# My first pig



## triton63 (Nov 17, 2016)

My parents have a pig infestation and I finally got a chance to get to south Georgia to check them out.  Saw a bunch, heard a lot more but only had one that presented a shot.  Very thick woods.  Pigs squealing and grunting all morning and evening but just far enough away in the brush that you can't see them.  Anyway, should be some good sausage when Dean's in Pavo, GA finishes processing it.  This one is only 138 lbs but I am still excited to finally get one. 

First is of the pig.  Second is a pic taken after dark with lots of pigs at the base of my tree.  Had to run them off to come down.


----------



## GA native (Nov 17, 2016)

I get the feeling that it is the first of many.


----------



## georgia_home (Nov 17, 2016)

If it's thick with hogs and the brush, with short shots, get your self something a little quicker to shoot.

Maybe something like a semi shotgun or rifle will give faster follow-up shots. Maybe get down there in them, ground hunt. You may be able to get multiples in a sitting.

Good luck.


----------



## lastofthebreed (Nov 18, 2016)

Congratulations!  Nice pig!


----------



## ppdaazn (Nov 19, 2016)

ive never kill one before. if you parents would like some help getting rid of a few pigs i volunteer!!!


----------



## mattech (Nov 19, 2016)

Congrats


----------



## bfriendly (Nov 24, 2016)

No doubt you were feeling the RUSH that night! Way to get one! 
If the hogs are being a real nuisance and causing crop damage or anything of that sort...........then you really need to kill as many as you can.
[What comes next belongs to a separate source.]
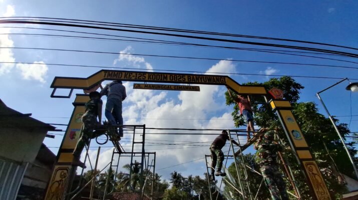Banyuwangi – Di tengah semangat perayaan Hari Ulang Tahun (HUT) ke-80 Kemerdekaan Republik Indonesia, Satuan Tugas (Satgas) TNI Manunggal Membangun Desa (TMMD) ke-125 Kodim 0825/Banyuwangi menunjukkan dedikasi nyata dengan melaksanakan pemasangan gapura di jalan menuju jembatan Desa Kesilir, Kecamatan Siliragung, Minggu (17/8/2025).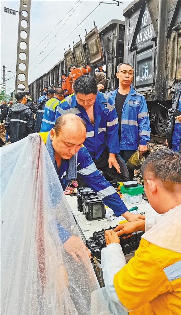 ▶8月6日,黑龙江省哈尔滨市尚志地区出现强降雨,哈尔滨通信段通信工紧急赶赴现场,开展铁路通信光缆割接抢修工作。娄明珠摄(中经视觉)

If they are just a hunting and harvesting opp, then one at a time is perfect!


----------



## frankwright (Nov 24, 2016)

If you start killing and eating wild pigs you will get to where you don't care as much about deer hunting!


----------



## Living Proof (Nov 24, 2016)

Triton ol' buddy, where you been? Long time no see, how is mom and dad? Can I go with you next time, LOL. nice pig!


----------



## triton63 (Nov 28, 2016)

I'm heading back later this week to try for another one.  The first one is ready for pick up at the processor's.  Looking forward to trying the sausage.  I'll let my parents and my uncle know we have plenty of volunteers to take out the hogs if they decide they want them gone!  Thanks for all the offers!


----------



## stiles1682 (Dec 4, 2016)

FYI, you CAN shoot those hogs at night. With a light too!


----------



## OptimumShine (Dec 5, 2016)

Add me to the list. I am in Thomasville and would love to come take some sausage and Boston butt off their hands


----------



## kmckinnie (Dec 5, 2016)

Congrats


----------